■ TASK ITEM
The lines needed run from the one that contains "Стильні жіночі шкіряні" through the end of the material below, both included; write them out exactly, with no pictures.

■ PROVIDED DATA
::::
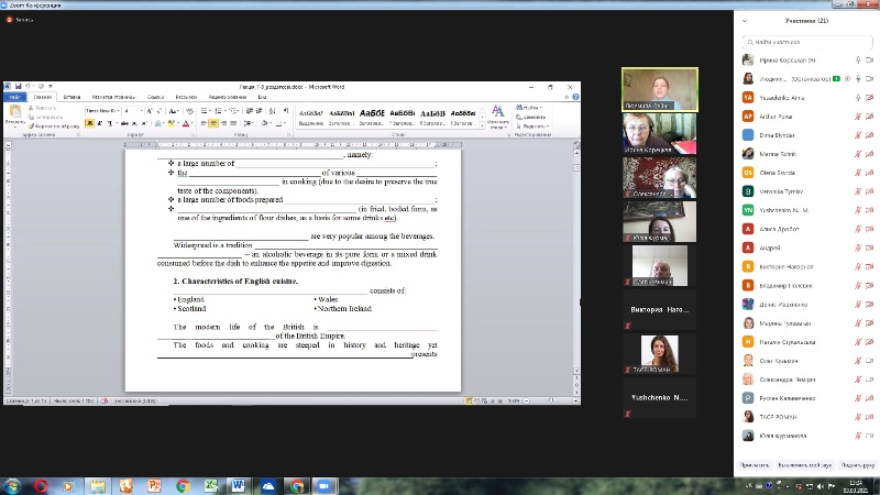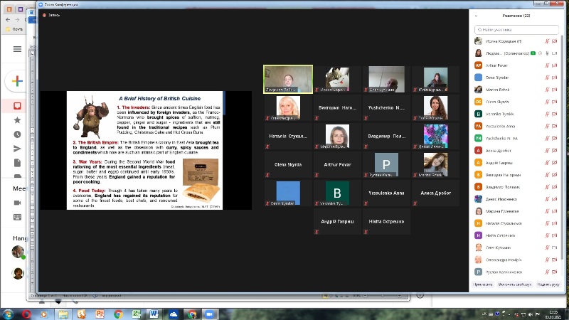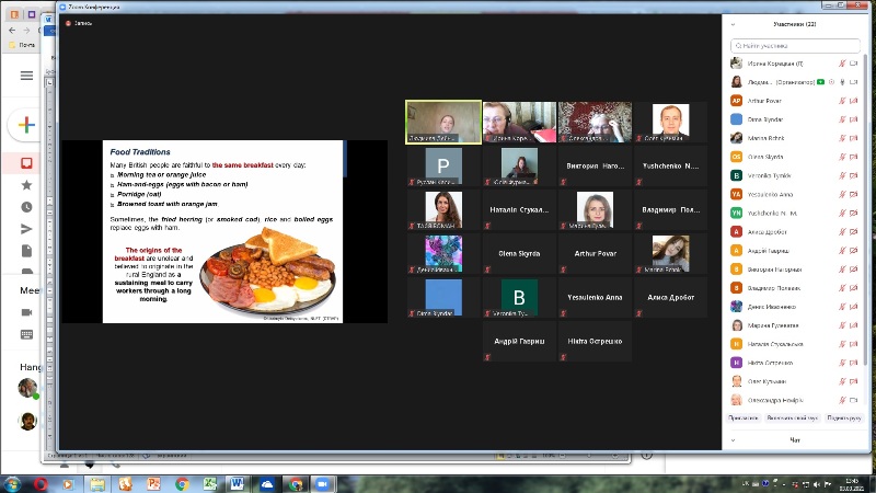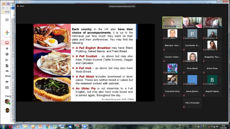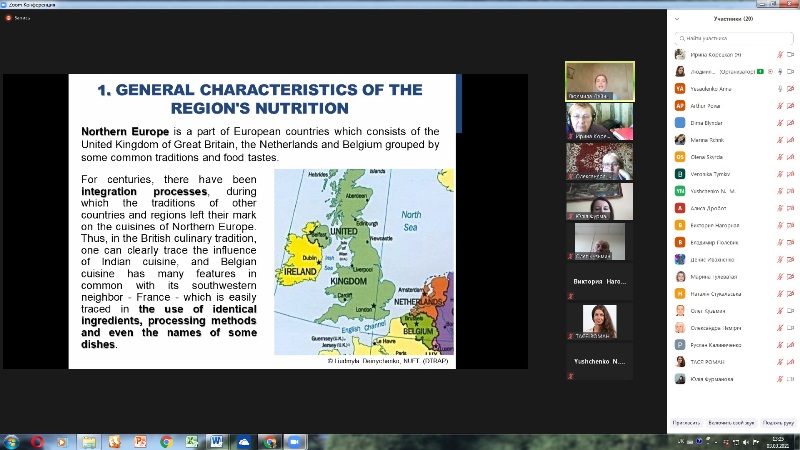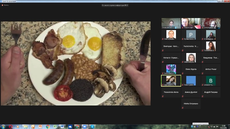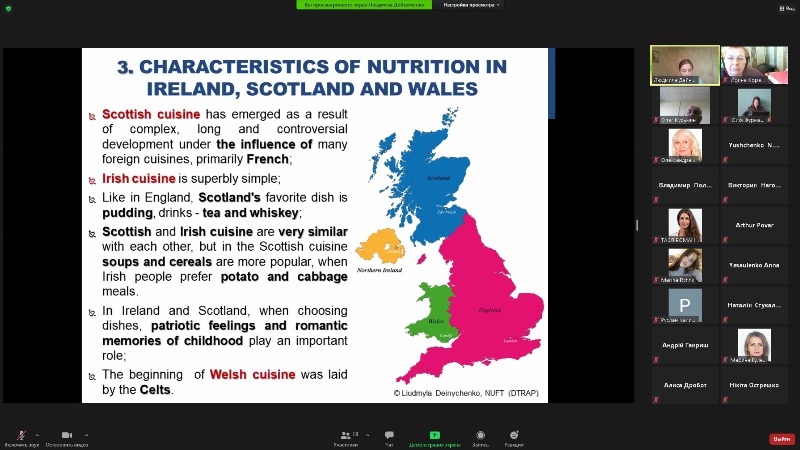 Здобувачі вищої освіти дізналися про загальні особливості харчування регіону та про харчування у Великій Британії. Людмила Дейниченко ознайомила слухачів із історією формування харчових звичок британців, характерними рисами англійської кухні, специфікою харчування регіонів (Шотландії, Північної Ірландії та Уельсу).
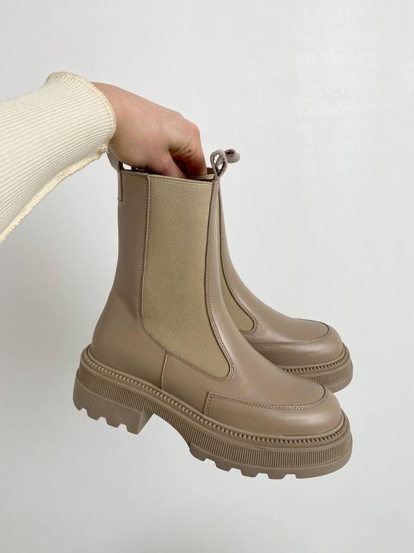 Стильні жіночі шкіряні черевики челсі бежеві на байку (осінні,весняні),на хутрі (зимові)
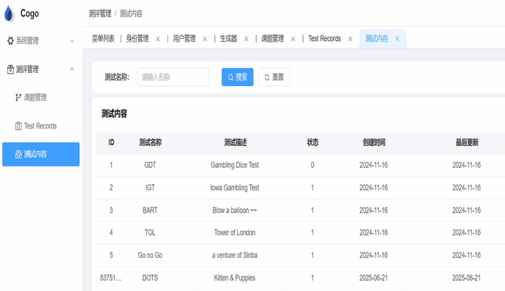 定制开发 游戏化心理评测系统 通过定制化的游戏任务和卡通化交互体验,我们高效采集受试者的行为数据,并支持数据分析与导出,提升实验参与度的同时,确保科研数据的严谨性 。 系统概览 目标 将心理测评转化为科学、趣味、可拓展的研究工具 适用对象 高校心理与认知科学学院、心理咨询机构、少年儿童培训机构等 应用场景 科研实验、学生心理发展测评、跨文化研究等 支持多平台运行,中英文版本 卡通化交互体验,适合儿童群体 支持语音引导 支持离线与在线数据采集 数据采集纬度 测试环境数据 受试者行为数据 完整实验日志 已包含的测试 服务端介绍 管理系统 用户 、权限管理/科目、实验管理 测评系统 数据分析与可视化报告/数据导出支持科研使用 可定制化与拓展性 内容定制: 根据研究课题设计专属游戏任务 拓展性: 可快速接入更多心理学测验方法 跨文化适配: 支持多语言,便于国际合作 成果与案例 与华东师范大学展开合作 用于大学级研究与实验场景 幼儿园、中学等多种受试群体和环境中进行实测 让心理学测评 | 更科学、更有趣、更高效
::::
■ RESPONSE
 Стильні жіночі шкіряні черевики челсі бежеві на байку (осінні,весняні),на хутрі (зимові)
 定制开发 游戏化心理评测系统 通过定制化的游戏任务和卡通化交互体验,我们高效采集受试者的行为数据,并支持数据分析与导出,提升实验参与度的同时,确保科研数据的严谨性 。 系统概览 目标 将心理测评转化为科学、趣味、可拓展的研究工具 适用对象 高校心理与认知科学学院、心理咨询机构、少年儿童培训机构等 应用场景 科研实验、学生心理发展测评、跨文化研究等 支持多平台运行,中英文版本 卡通化交互体验,适合儿童群体 支持语音引导 支持离线与在线数据采集 数据采集纬度 测试环境数据 受试者行为数据 完整实验日志 已包含的测试 服务端介绍 管理系统 用户 、权限管理/科目、实验管理 测评系统 数据分析与可视化报告/数据导出支持科研使用 可定制化与拓展性 内容定制: 根据研究课题设计专属游戏任务 拓展性: 可快速接入更多心理学测验方法 跨文化适配: 支持多语言,便于国际合作 成果与案例 与华东师范大学展开合作 用于大学级研究与实验场景 幼儿园、中学等多种受试群体和环境中进行实测 让心理学测评 | 更科学、更有趣、更高效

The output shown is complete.